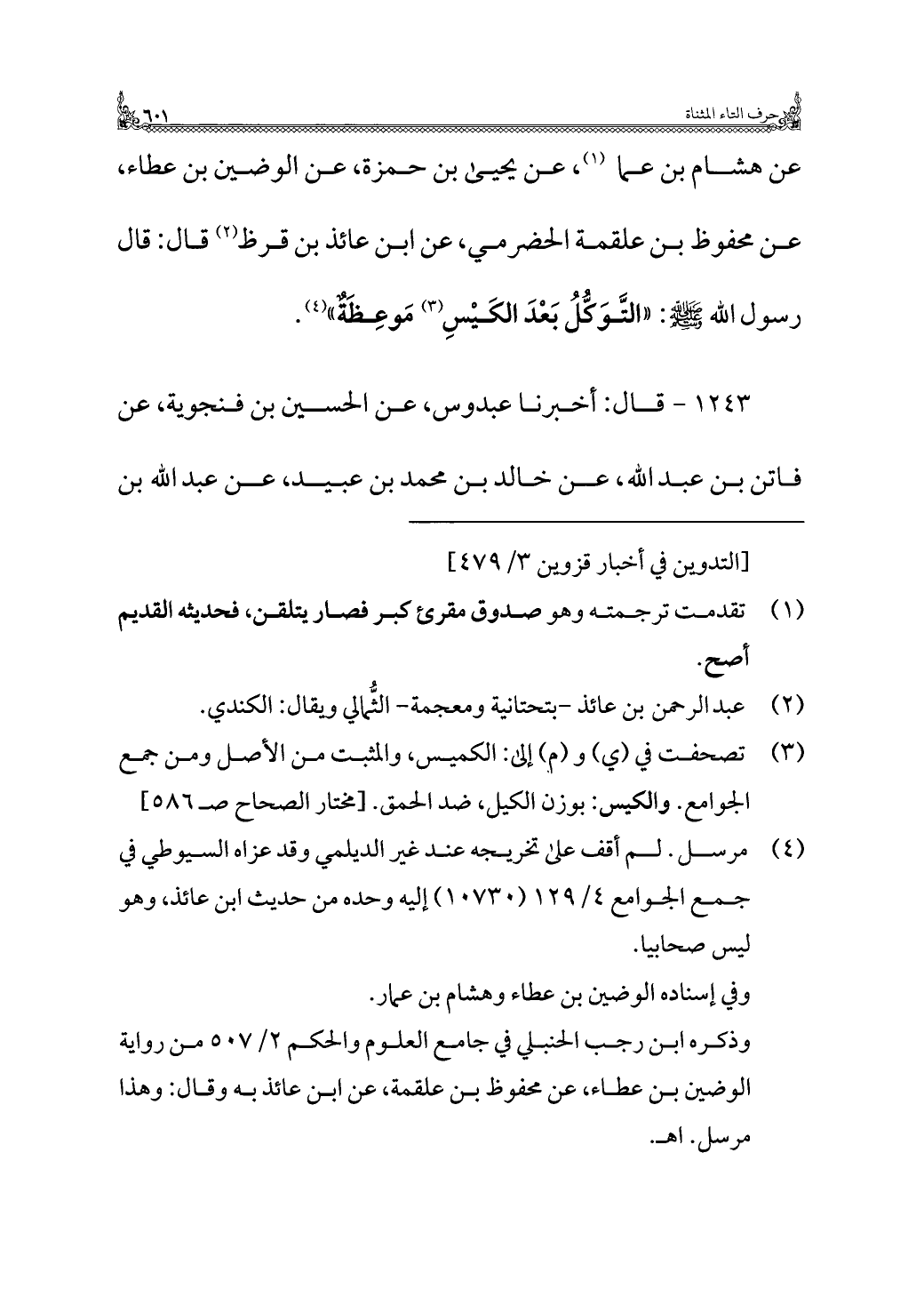 عن هشام بن عما (¬١)، عن يحيى بن حمزة، عن الوضين بن عطاء، عن محفوظ بن علقمة الحضرمي، عن ابن عائذ بن قرظ (¬٢) قال: قال رسول الله - صلى الله عليه وسلم -: "التَّوَكُّلُ بَعْدَ الكَيْسِ (¬٣) مَوعِظَةٌ" (¬٤).
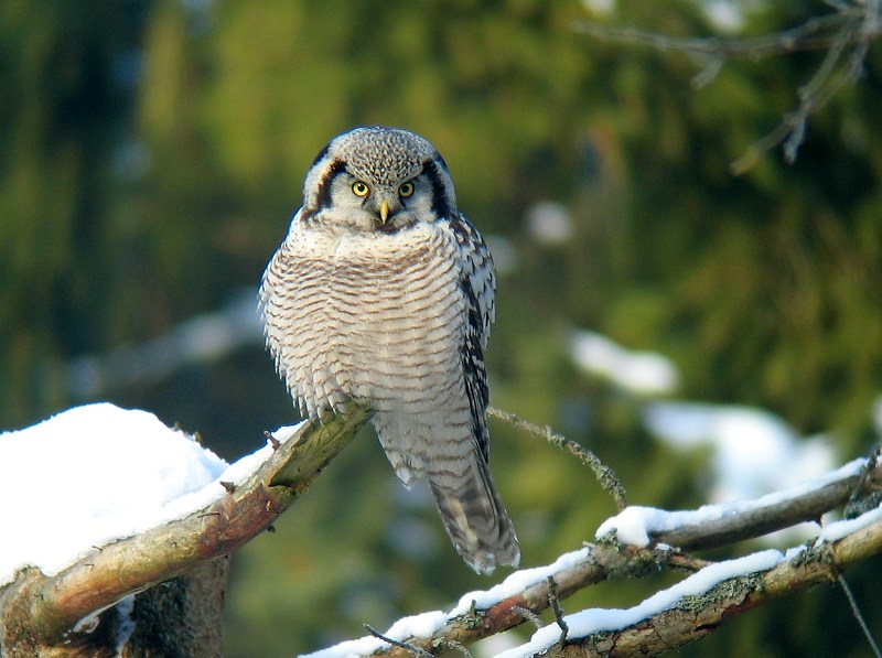 Beskrivelse: Uglen sad i det lille stykke skov, der går ud mellem de to parkeringspladser ved 8-vejskrydset.
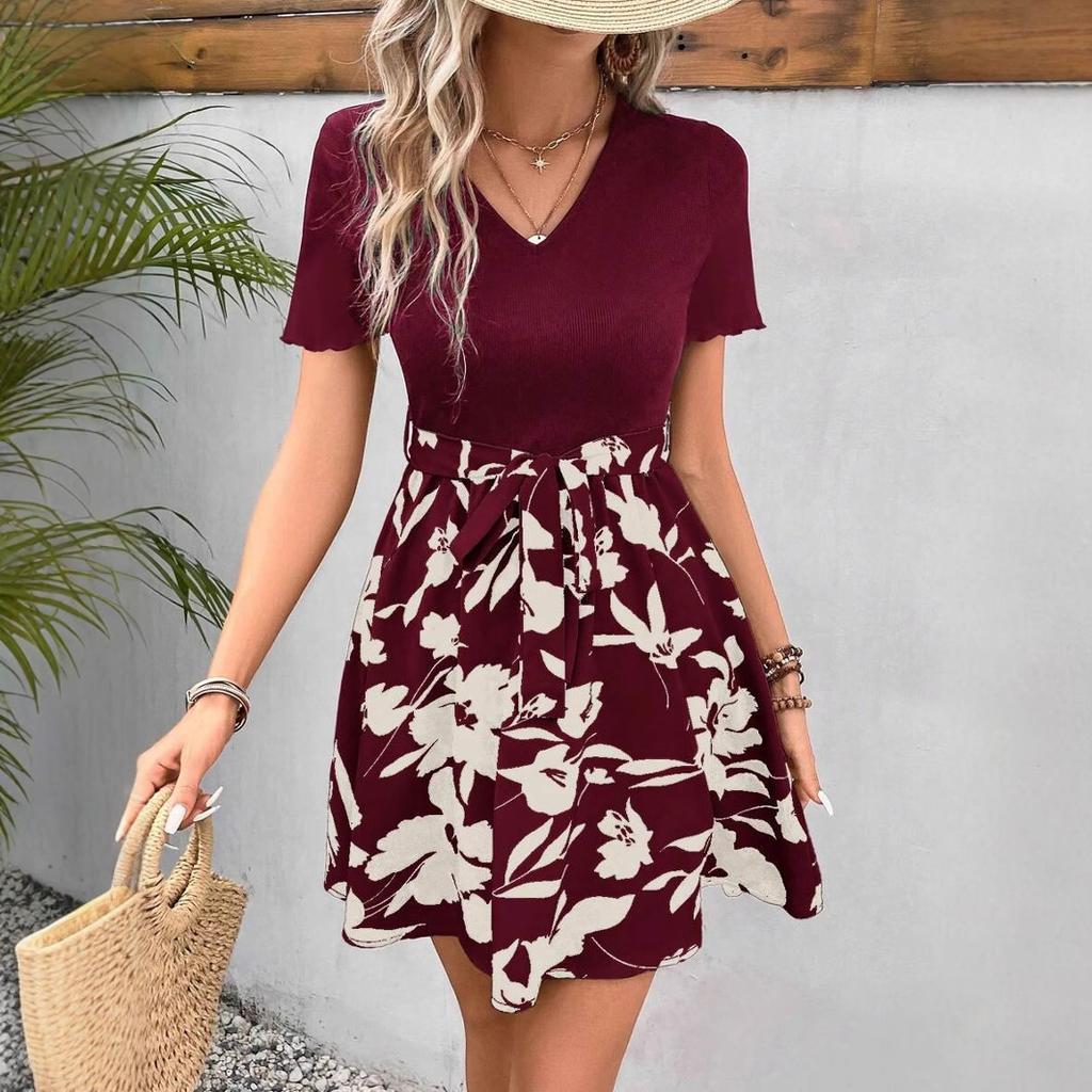 2025 Sommer Damen Strick Patchwork Blume Bedrucktes Bodycon Mini Kleid Mode Böhmische Kleider Weiblich Elegant Slim Partykleid
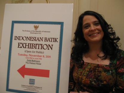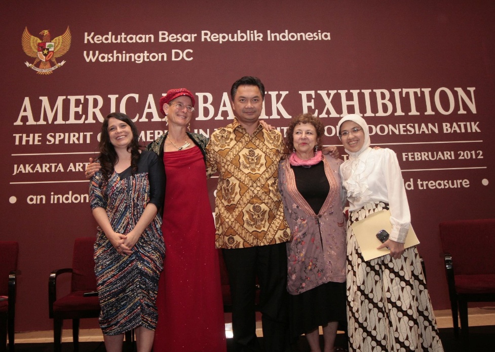 As winning contestants, the 3 of us were treated like cultural royalty and quickly became a troupe of giggling and excitable companions. The highlight of the trip was an exhibition and press conference at the Grand Indonesia, a prominent, high-end retail market center in Jakarta that was hosted by Ambassador Djalal and his wife. (All 9 winning designs were exhibited from February 22 to March 4, 2012, at Grand Indonesia in Central Jakarta and from March 6 – 31, 2012 at the Jakarta Textile Museum in West Jakarta.)
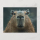 This captivating image offers a close-up portrait of a capybara, highlighting its intricate facial features. The animal's fur is wet, with droplets delicately clinging to its whiskers, suggesting a recent dip in water. Its soft, dark eyes look directly at the camera, exuding a calm yet curious demeanour. The textured fur and prominent snout are captured in remarkable detail, showcasing the natural beauty of this gentle creature. The blurred background enhances focus on the capybara's expressive face, creating a powerful and intimate wildlife moment.
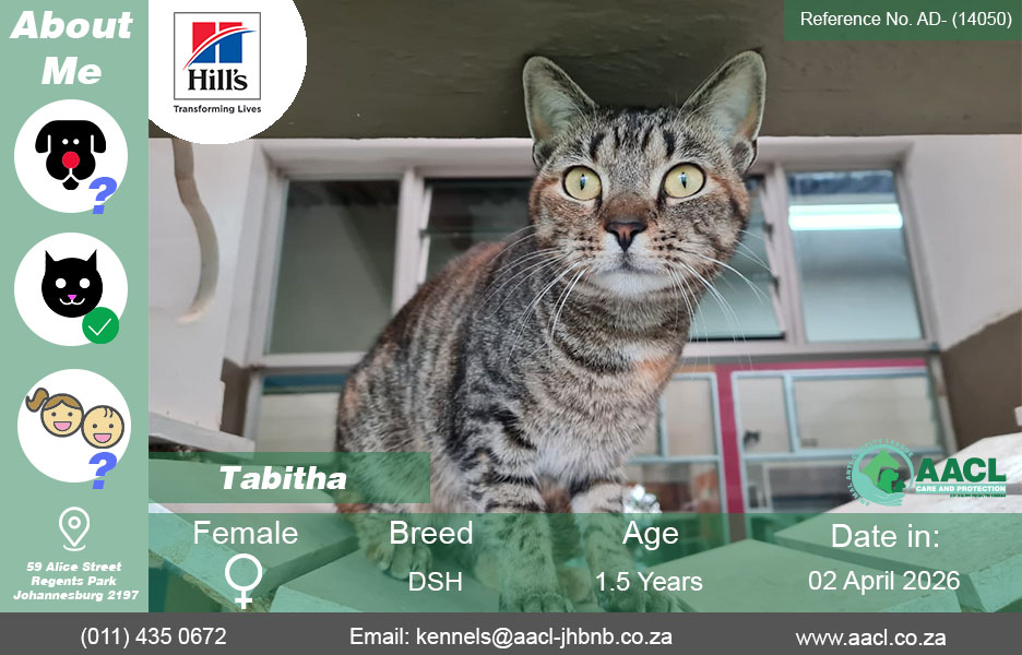 Tabitha Gallery Tabitha Cats for Adoption in Johannesburg Tabitha AD- (14050) Admin2026-04-23T12:38:01+02:00 Read More
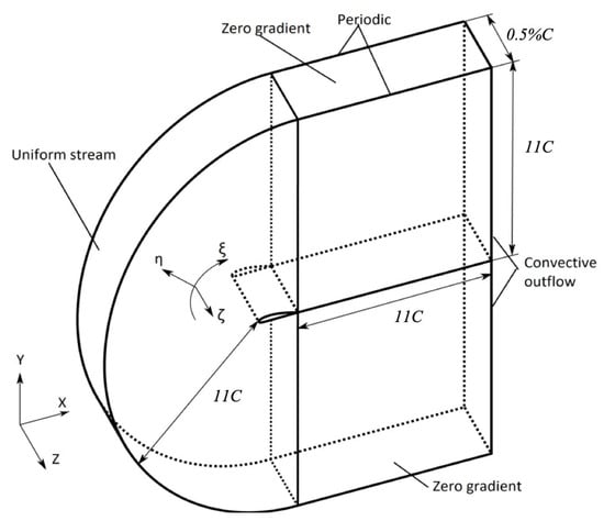 In order to validate our method, we conducted a LES of the compressible flow around NACA0012 airfoil with the computational setup matching the experimental setup of Miyazawa et al. [], in which the Mach number was , the angel of attack was , and the Reynolds number was , which was based on the uniform velocity in the streamwise direction and the chord length. Figure 2 shows the computational domain and computational boundary conditions in the present study. For the Cartesian coordinate system, x, z, and y were defined in the streamwise direction, spanwise direction, and vertical direction, respectively. We used a C-type boundary-fitted grid in the x–y plane. Thus, a general curvilinear coordinate system had to be applied and represented as , , for all computations, in which the direction following the mainstream surface of the airfoil is denoted as , the direction away from the surface of airfoil is defined as , and the spanwise direction is represented as . The computational domain size is defined as the following: the length of the wake, the semidiameter of the C-type grid, and the spanwise extent were , , and , respectively. Here, C is chord length. For the mesh, there were 1600 grid points in the direction, in which 800 was on the airfoil surface, 160 grid points were in the direction, and 60 grid points were in the direction. As shown in Figure 2, the non-slip boundary condition was applied on the airfoil surface. The inflow was the uniform stream without disturbance. The convective outflow was applied for the outflow boundary condition. The spanwise direction boundary condition is defined as the periodic. For the variables in the direction, zero gradient was employed at the op and bottom boundary. Particular attention was paid for the non-reflective boundary condition by [] at the far boundary.
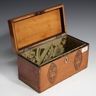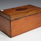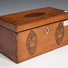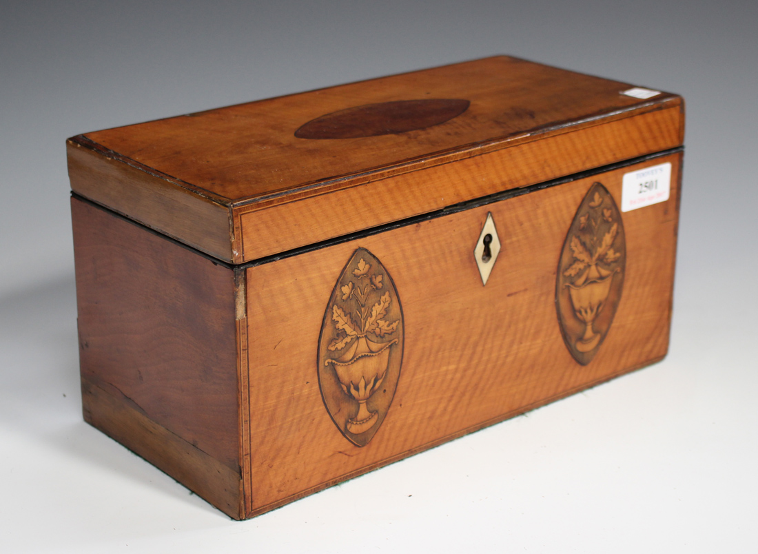 A George III satinwood tea caddy, the hinged lid enclosing a later silk-lined interior, the front inlaid with a pair of flower-charged urn oval reserves, width 31cm (faults).
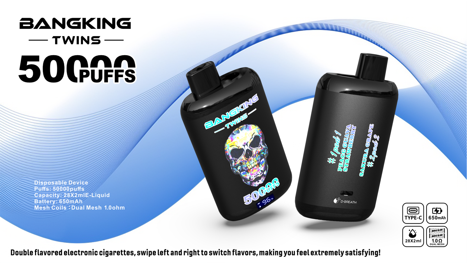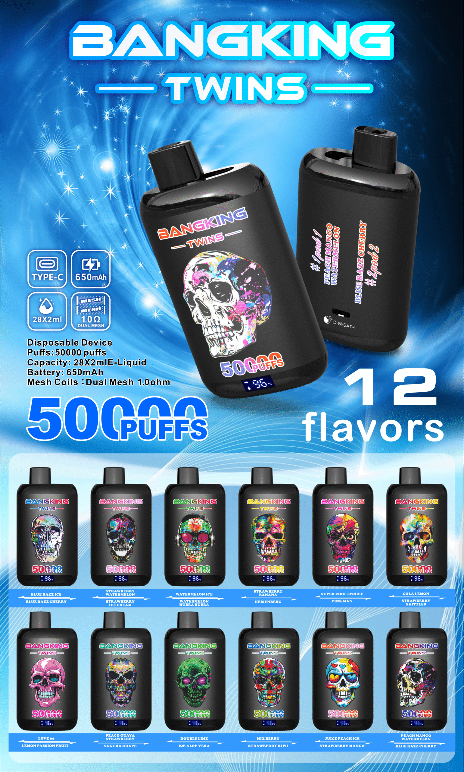 The Bang King Twins 50K DSK054 is crafted for performance and built for endurance. Below are its defining characteristics that make it one of the most sought-after wholesale disposable vapes on the market:
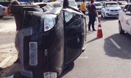 Um carro tombou após colidir com uma árvore na tarde desta sexta-feira (22) na Avenida Epitácio Pessoa, no sentido Bairro-Centro, em João...
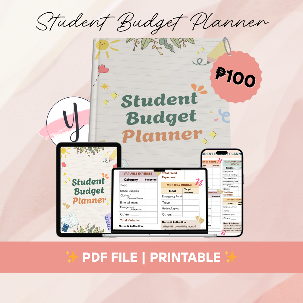 You'll receive a downloadable Student Budget Planner PDF (₱100) to manage your school year finances. Track income, categorize expenses, set savings goals, and analyze your spending habits – all in one versatile, digital planner!
==================================================
**Task prompt:** Copy out exactly the lines between the line containing "A George III" and the end of the entries, including both, and leave the pictures behind.

**Answer area:**
 A George III satinwood tea caddy, the hinged lid enclosing a later silk-lined interior, the front inlaid with a pair of flower-charged urn oval reserves, width 31cm (faults).
 The Bang King Twins 50K DSK054 is crafted for performance and built for endurance. Below are its defining characteristics that make it one of the most sought-after wholesale disposable vapes on the market:
 Um carro tombou após colidir com uma árvore na tarde desta sexta-feira (22) na Avenida Epitácio Pessoa, no sentido Bairro-Centro, em João...
 You'll receive a downloadable Student Budget Planner PDF (₱100) to manage your school year finances. Track income, categorize expenses, set savings goals, and analyze your spending habits – all in one versatile, digital planner!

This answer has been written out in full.